Thats surely a devotion to sound and also a point of getting away from the wigged out drill and bass ultra programmed thing that has been cloying - it also makes the sound harder to copy which is usually what happens whenever he makes tunes, a whole set of missing the point clones.
Some of it is just boring though, i'm convinced by the _absolutley aphex at his best and playing loads of new stuff- dj set at the glade that there is bag fulls of better stuff on the way . There has been loads of acid out recently though, its really a sound i'd like a rest from for a very long time, even though it still has the power at times to tear the cranium to bits.
 

juliand

Well-known member
I was thinking of those posts, Nick. Have you been too deep in dubstep to be listening back much to Aphex?
 
I'll get back to them at some point, but I'm 'resting' this month. Must say I'm getting a more immediate kick out of Ed DMX's latest offerings.

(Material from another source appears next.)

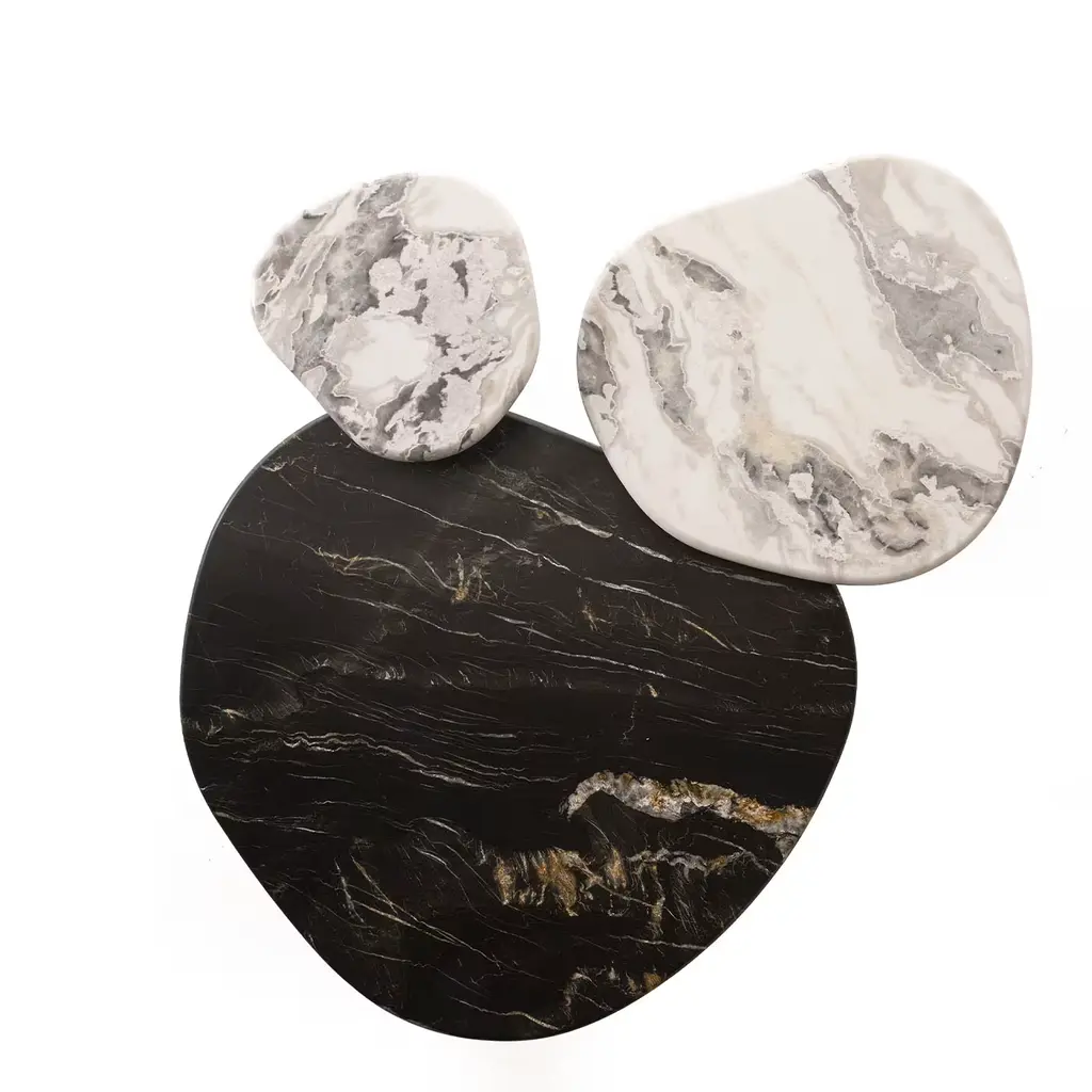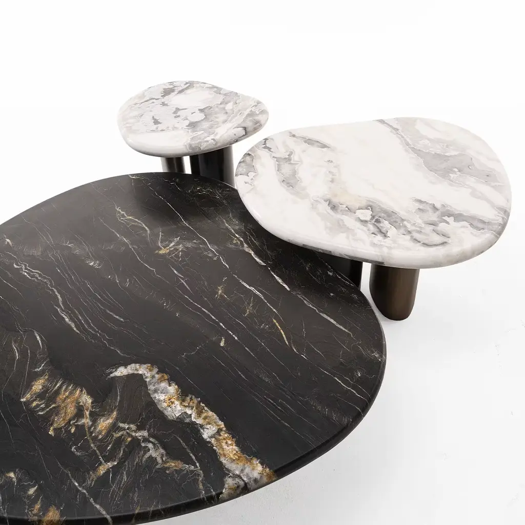 The ethereal charm of clouds and the concrete beauty of marble converge in this exclusive coffee table. Raised on a sculptural base consisting of a brushed-black round-cut leg and of an oval-cut golden leg, a prized Belvedere marble top enchants with its fluid contours inspired by clouds. Please explore different versions from the Cloud series in the Artemest catalog.
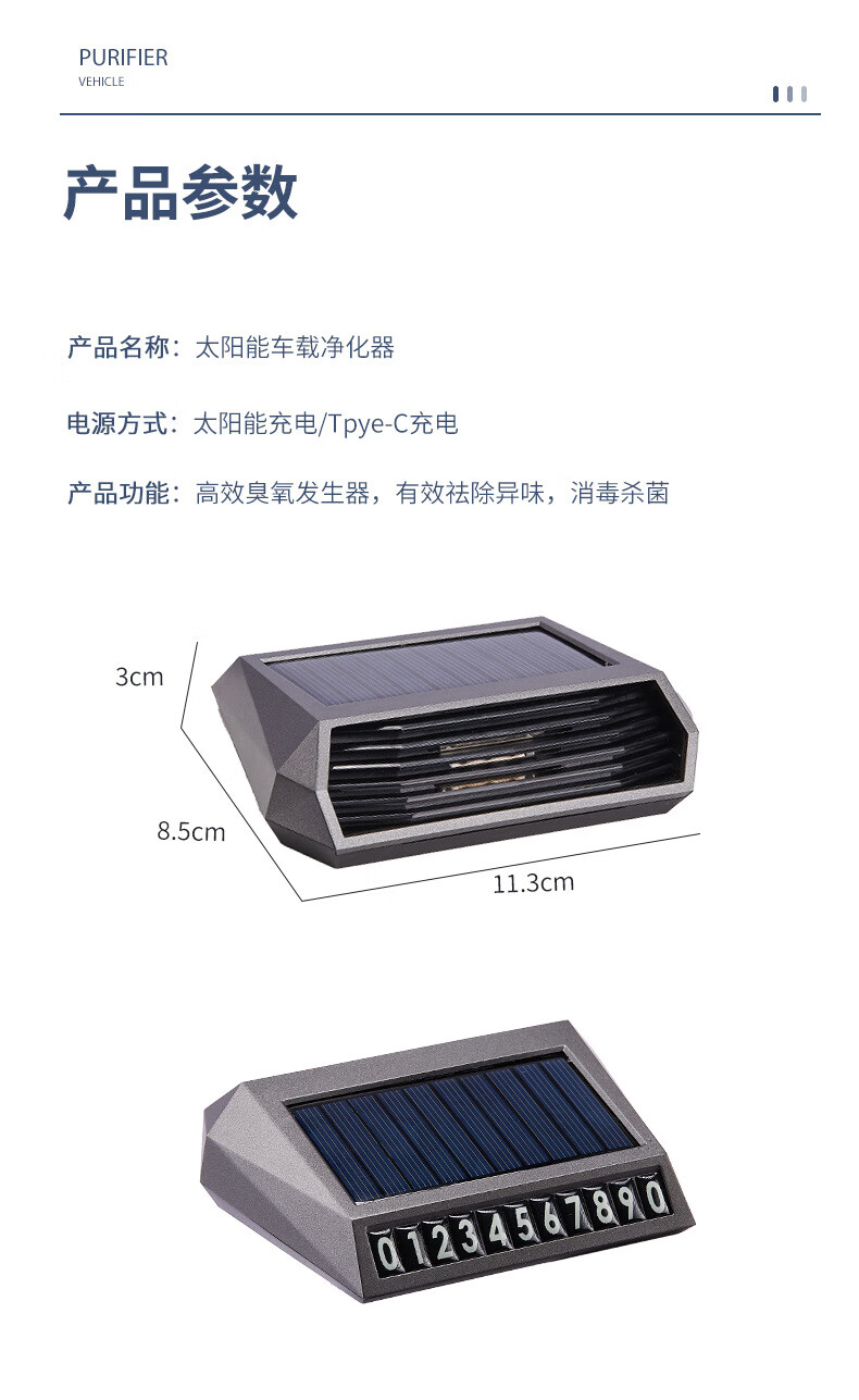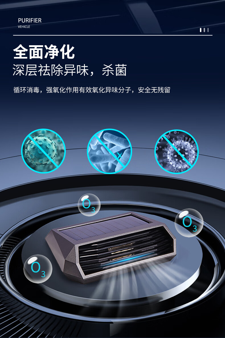Car solar dust removal car air purifier deodorization car ozone sterilization automatic deodorization and formaldehyde car solar air purifier 2024 new upgraded model

Incidently, I was so astonished at Simon's approval of Analord I had to e-mail him and check he was feeling okay. I think he was as surprised as everyone else!
 

Mika

Active member
Feeling Ok?

It's funny, because I only just got around to finally listening to the Analord series a few days before Simon's post, and I was also struck by how much I enjoyed it. Great stuff, wonderfully crafted - makes me realize what a fantastic producer Richard James can be.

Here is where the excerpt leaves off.